Nvidia To Invest $4 Billion In Two Photonics Companies

Nvidia will invest $4 billion in two photonics product makers, Lumentum and Coherent, in a deal aimed at strengthening the optical components used in data center infrastructure.
The investment will go to Lumentum and Coherent, two companies that make photonic and optical products used in high-speed data communications. The development was reported by Reuters, with additional reporting by CNBC and Bloomberg. The companies are closely tied to the supply chain for data center optics, which are critical for moving information quickly between servers and networking equipment.
Nvidia, a leading maker of artificial intelligence chips and related data center hardware, has been pushing deeper into the systems that connect and scale computing clusters. Optical technologies are central to that effort because they help handle the bandwidth demands inside and between data centers, where AI training and inference workloads can require massive amounts of data to be exchanged at high speeds.
The move matters because it underscores how AI-driven computing is pressuring every layer of the data center stack, not just processors. As computing clusters grow larger, the speed and efficiency of the interconnects that link hardware together becomes a key factor in overall performance and power use. Photonics and advanced optical components are a primary way the industry addresses those requirements.
By committing capital directly to photonic product makers, Nvidia is signaling that supply and capability in optics are strategically important to its broader platform. The investment also highlights how closely chipmakers and systems suppliers are aligning with component manufacturers as they work to meet demand for data center buildouts centered on AI.

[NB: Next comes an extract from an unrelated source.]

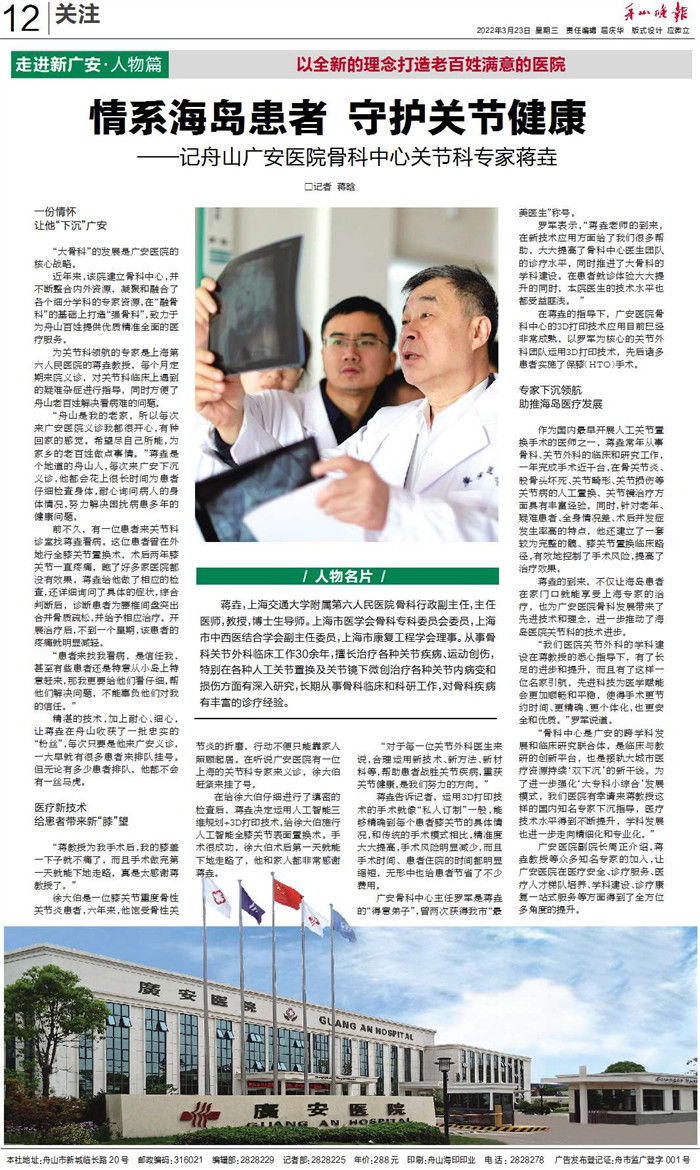 廣安人懷揣著對(duì)于醫(yī)療的敬畏和對(duì)舟山人的大愛,將以更加昂揚(yáng)的姿態(tài)和海納百川的胸懷,不斷把學(xué)科建設(shè)和醫(yī)療技術(shù)水平推向更高的境界,服務(wù)舟山、造福社會(huì)。

Lumentum and Coherent are established suppliers in optical technology, and their products support the kind of high-throughput links used in modern networking and data center environments. The investment positions Nvidia alongside those manufacturers as the market for optical connectivity continues to draw attention amid expansion of AI-focused infrastructure.
Next steps will center on the companies’ disclosures about how the investment is structured and how the funding will be used, including any plans tied to capacity, product development, or customer supply commitments. Investors will also watch for additional details from Nvidia, Lumentum, and Coherent on timelines and how the relationship fits into Nvidia’s data center roadmap.
The announcement adds another clear marker that the future of AI data centers will be shaped as much by optical connectivity as by the chips running the models.